Coyote Howls as In the Shadow of White Mountain Enters Final Phase of Production

(Press Release) Peter Coyote, Emmy Award winning narrator, noted actor, award-winning author (Pushcart Prize; Pushcart Prize Overview) and seasoned environmental advocate recently performed the narration for In the Shadow of White Mountain.

“Well it certainly was not a howl, but a very mellow and expertly interpreted reading performance” said Producer / Director Rich Wargo of the recent narration recording for In the Shadow of White Mountain. “…and he did put his heart into it, something rare and precious anytime, but especially in the oft-jaded world of production. He’s definitely one-of-a-kind,” added Wargo.

As well as his extensive acting, writing and advocacy, Coyote served on the California State Arts Council, which enjoyed unmatched success during his tenure as director.

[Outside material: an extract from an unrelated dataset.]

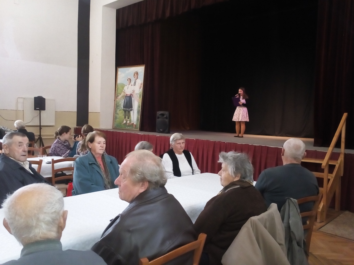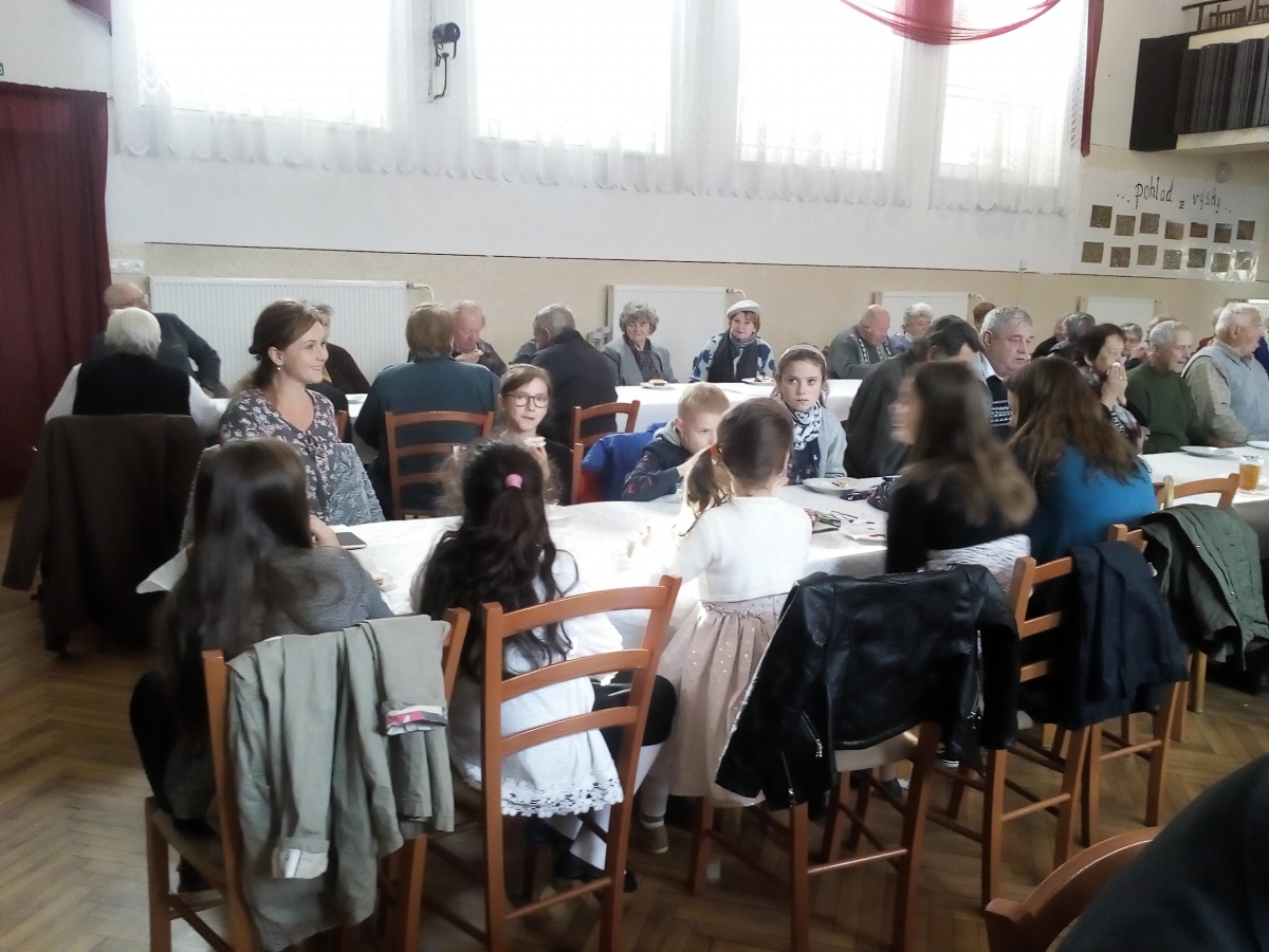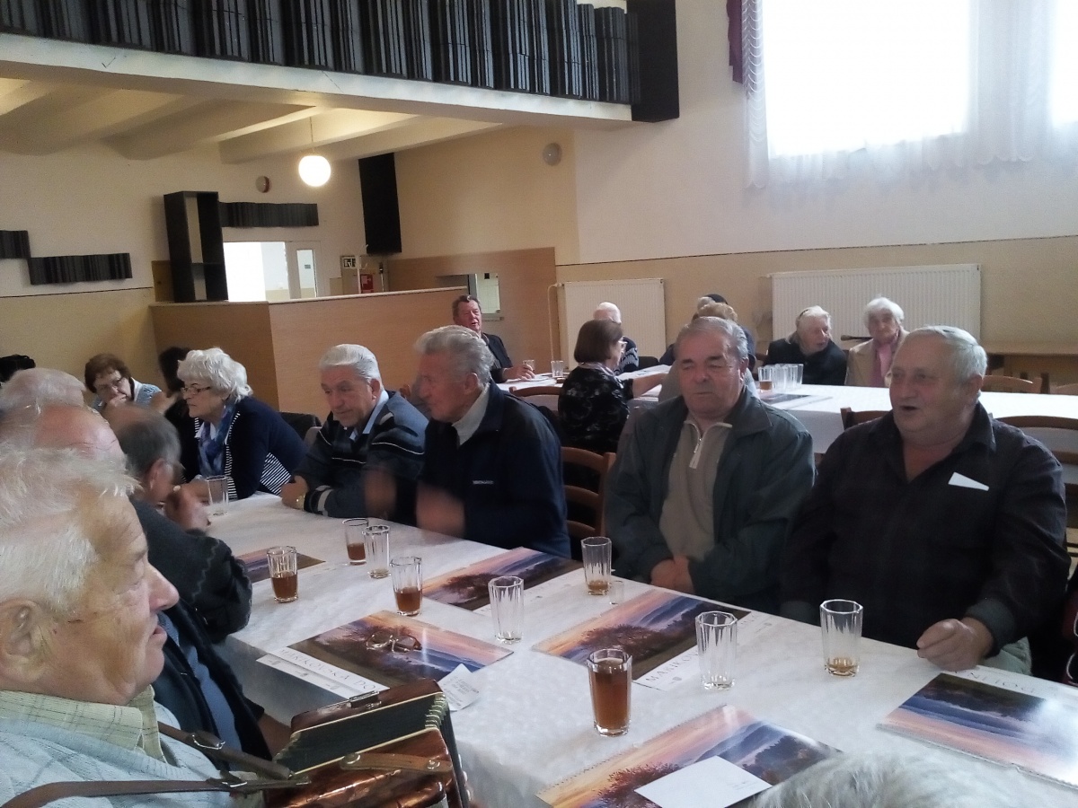 V tomto roku sme pripravili stretnutie pre občanov 70 ročných a starších, ktorých máme 151. Tým, že sme znížili vekovú hranicu o 5 rokov, posedenia sa mohlo zúčastniť viac ľudí, atmosféra je veselšia, rozhovory živšie. Po privítaní p. starostom Ing. Petrom Šujakom sa započúvali do piesní a básní v podaní žiakov ZŠ. Páčil sa im aj tanec, hra na husliach a veľmi ich zaujala scénka "Rozhovor s babičkou". Je milé, že aj sami hostia prispeli k príjemnej atmosfére hrou na harmoniku a ozembuch. A ako sa nám vyjadrila jedna dôchodkyňa: "Na posedenie sa vždy veľmi teším, pretože sa naraz stretneme pri jednom stole viaceré vrstovníčky a kamarátky, s ktorými som sa nevidela aj celý rok."

Well known for his roles (E.T., The Extra-Terrestrial, Erin Brockovich, Cross Creek) as well as his recognizable voice, he has narrated many environmentally-focused productions and takes his commitment to the environment seriously, making hands-on contributions to grass-roots efforts at preservation in many locales, from the Mattole and Salmon Rivers in the north, to the Anza desert.

Coyote brought this passion and interest in our world and environmental issues to bear on the narration of In the Shadow of White Mountain, and illuminates this narrative of how science at the White Mountain Research Station continues to help us clearly understand what is happening to our changing world, and what that may mean to our future.

Of the narration Coyote said, “I love this–this is a fascinating story, it’s very interesting, and it’s challenging.”

Producer-Director Rich Wargo said of the opportunity to work with Coyote, “I knew going into the session that not only Peter’s extraordinary voice talent, but his keen intellect would make an immeasurable contribution to the program. I was familiar with his range as an actor, and knowing that he was recognized with one of the most influential awards in American writing, I knew that he was not just our voice–but that he could be the heart of the program too. However during the session it became evident I had underestimated. I was floored with his grasp of issues and his personal involvement in such issues. Truly a man of action–not just words. We enjoyed many discussions of the science at White Mountain, about which he had an almost innate understanding. I think you’ll find that this understanding and his unaffected sincerity will resonate in the program.”

Having recently completed the final location taping for the program that included yet another journey to the 14,246′ summit while covering material about a new environmental observatory to be located there, In the Shadow of White Mountain now enters its final phase of post-production.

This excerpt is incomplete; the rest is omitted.